Quadratic Is Not What You Need For Multimodal Large Language Models
- URL: http://arxiv.org/abs/2410.06169v1
- Date: Tue, 8 Oct 2024 16:13:24 GMT
- Title: Quadratic Is Not What You Need For Multimodal Large Language Models
- Authors: Phu Pham, Wentian Zhao, Kun Wan, Yu-Jhe Li, Zeliang Zhang, Daniel Miranda, Ajinkya Kale, Chenliang Xu,
- Abstract summary: This study investigates the computational redundancy in the vision component of Multimodal Large Language Models (MLLMs)
After pruning, the computation growth in the LLM is no longer quadratic with the increase of visual tokens, but linear.
This finding opens up the possibility for MLLMs to incorporate much denser visual tokens.
- Score: 36.83251602759295
- License: http://creativecommons.org/licenses/by-nc-sa/4.0/
- Abstract: In the past year, the capabilities of Multimodal Large Language Models (MLLMs) have significantly improved across various aspects. However, constrained by the quadratic growth of computation in LLMs as the number of tokens increases, efficiency has become a bottleneck for further scaling MLLMs.
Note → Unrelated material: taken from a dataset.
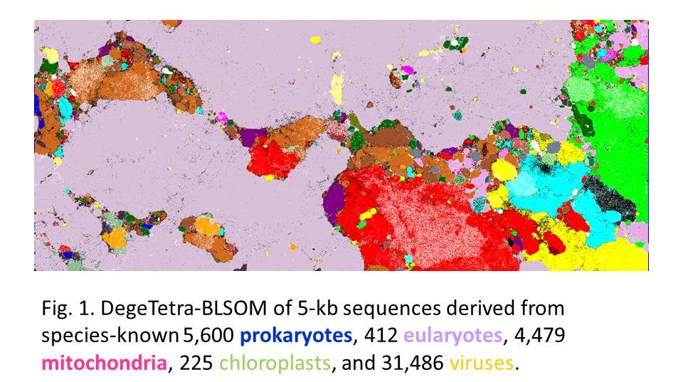 We found that BLSOM could classify genomic sequence fragments according to species without any information other than oligonucleotide frequencies in a wide range of genomes (Fig. 1). BLSOMs could recognize and visualize, in most sequence fragments, species-specific characteristics of oligonucleotide frequencies, permitting species-specific classification of sequences without any information regarding species. The BLSOM, which can systematically characterize species-specific genome signature of all prokaryotes and eukaryotes analyzable, proves a new powerful bioinformatics strategy to study biodiversity and molecular evolution.
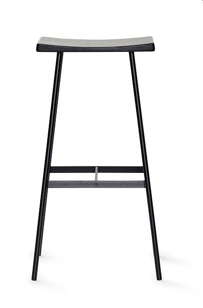 En barstol med kant og karakter fra Andersen Furniture. Denne model er med et smukt sæde i naturfarvet, massiv sort egetræ og med et stel i sort stål. Der er monteret vinklede dupsko på alle ben til at skabe optimal stabilitet.

Although recent efforts have been made to prune visual tokens or use more lightweight LLMs to reduce computation, the problem of quadratic growth in computation with the increase of visual tokens still persists. To address this, we propose a novel approach: instead of reducing the input visual tokens for LLMs, we focus on pruning vision-related computations within the LLMs. After pruning, the computation growth in the LLM is no longer quadratic with the increase of visual tokens, but linear. Surprisingly, we found that after applying such extensive pruning, the capabilities of MLLMs are comparable with the original one and even superior on some benchmarks with only 25% of the computation. This finding opens up the possibility for MLLMs to incorporate much denser visual tokens. Additionally, based on this finding, we further analyzed some architectural design deficiencies in existing MLLMs and proposed promising improvements. To the best of our knowledge, this is the first study to investigate the computational redundancy in the LLM's vision component of MLLMs. Code and checkpoints will be released soon.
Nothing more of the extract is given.